_TRY IT_: Set out word for word the line that contains "- Complete set" and each line after it, through the end of the data below, but exclude the pictures.
(COLLECTED MATERIAL)
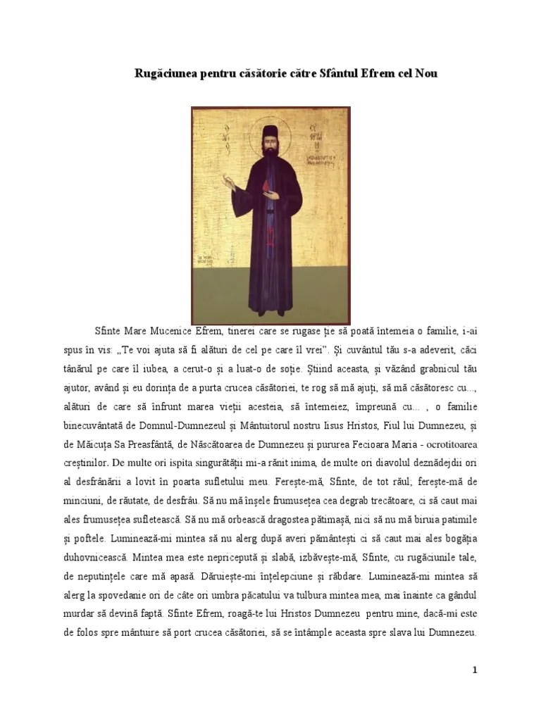 Rugăciunea părinților pentru căsătoria fiului lor 7. Rugăciunea tinerilor care vor să se căsătorească 8. Rugăciune către sfântul efrem cel nou 6.
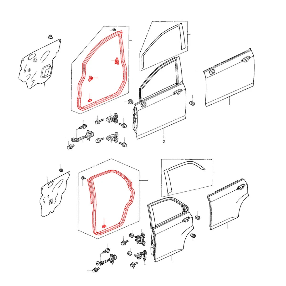 - Complete set of door weatherstrips for all four doors
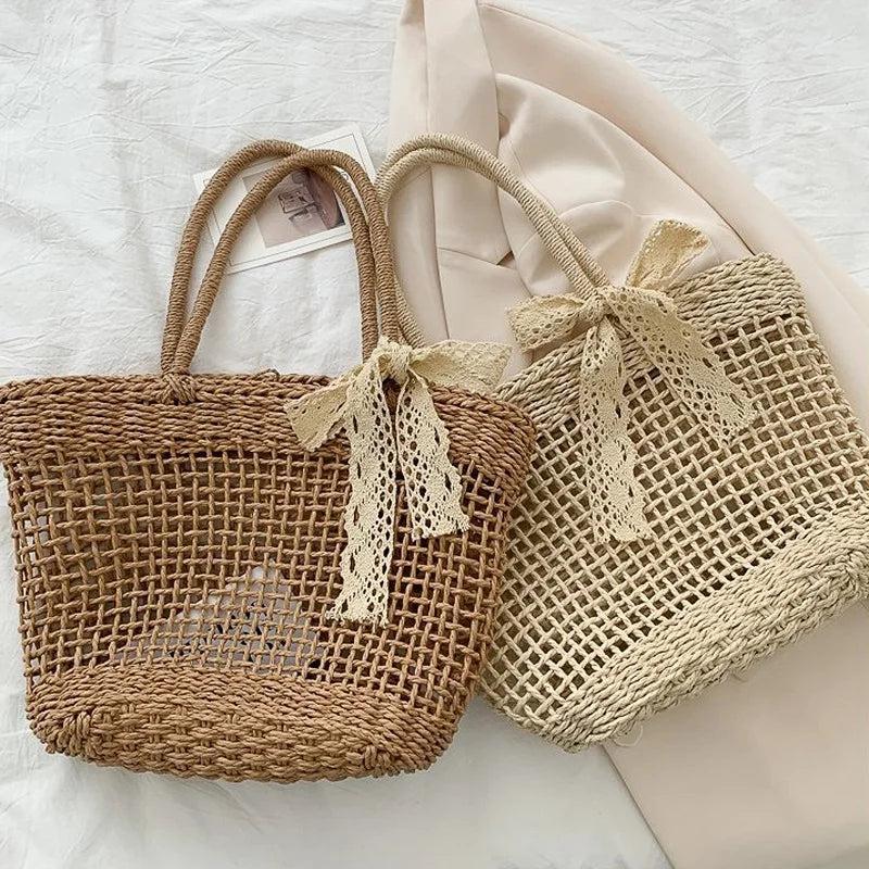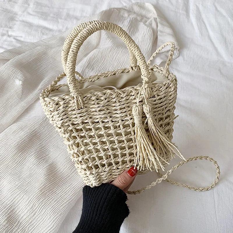 This stylish handbag is perfect for casual outings with its solid color, tassels, and bowknot decoration. It features a hollow braided design and a comfortable handle for easy carrying.
(End COLLECTED MATERIAL)
_SOLUTION TO THIS TASK_:
 - Complete set of door weatherstrips for all four doors
 This stylish handbag is perfect for casual outings with its solid color, tassels, and bowknot decoration. It features a hollow braided design and a comfortable handle for easy carrying.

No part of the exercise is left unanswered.